I am trying to group a series of observations by two columns, and then create a third column with an id number. I've tried group_indices
, but that gives each combination of observations a unique number. I want the number to revert to 1
for the first observation of each group.
In my data there are a series of Sites
with a number of rows showing the calendar Day
when an observation was collected.

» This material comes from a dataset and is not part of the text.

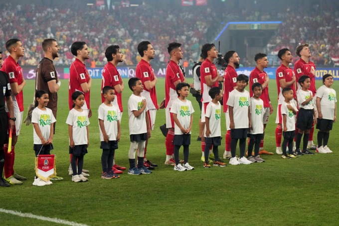 Các cầu thủ Indonesia chào cờ trước trận thua Australia 1-5 ở lượt bảy bảng C vòng loại ba World Cup 2026 - khu vực châu Á, tại sân Allianz Sydney, Australia ngày 20/3/2025. Ảnh: AP
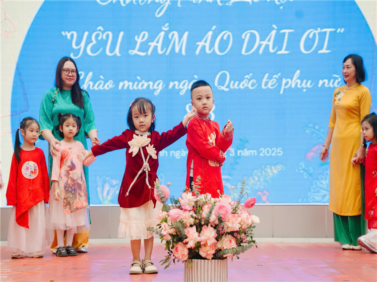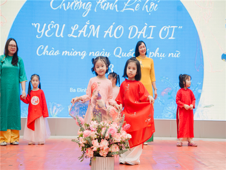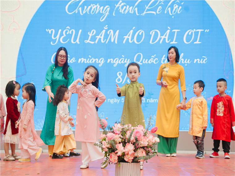 Các con trình diễn áo dài chương trình lễ hội “Yêu lắm áo dài ơi”

I want to calculate the chronological day within a Site
.
library(dplyr)
# Make some data
df <- data.frame(Site = rep(c("A", "B", "C"), each = 70),
Day = as.integer(rep(c(21,22,23,24,25,26,27,1,2,3,4,5,6,7,
24,25,26,27,28,29,30), each = 10)))
# Create Day Number column (this doesn't actually work, but is the sort
# of thing I'm looking for...)
df <- df %>% group_by(Site, Day) %>%
mutate(Day.Number = group_indices(Day))
# Desired output
Site Day Day.Number
1 A 21 1
2 A 21 1
3 A 21 1
...
11 A 22 2
12 A 22 2
13 A 22 2
14 A 22 2
15 A 22 2
...
141 C 24 1
142 C 24 1
143 C 24 1
144 C 24 1
...
151 C 25 2
152 C 25 2
153 C 25 2
154 C 25 2
155 C 25 2
...
This is just a toy dataset to demonstrate the problem. Although most sites
will have ten observations of seven days
it is not always a given, so I can't just use a sequence of rep()
etc.
There is a bit of a discussion about this on github here and here but it doesn't seem to have been resolved. Any suggestions for workarounds are much appreciated.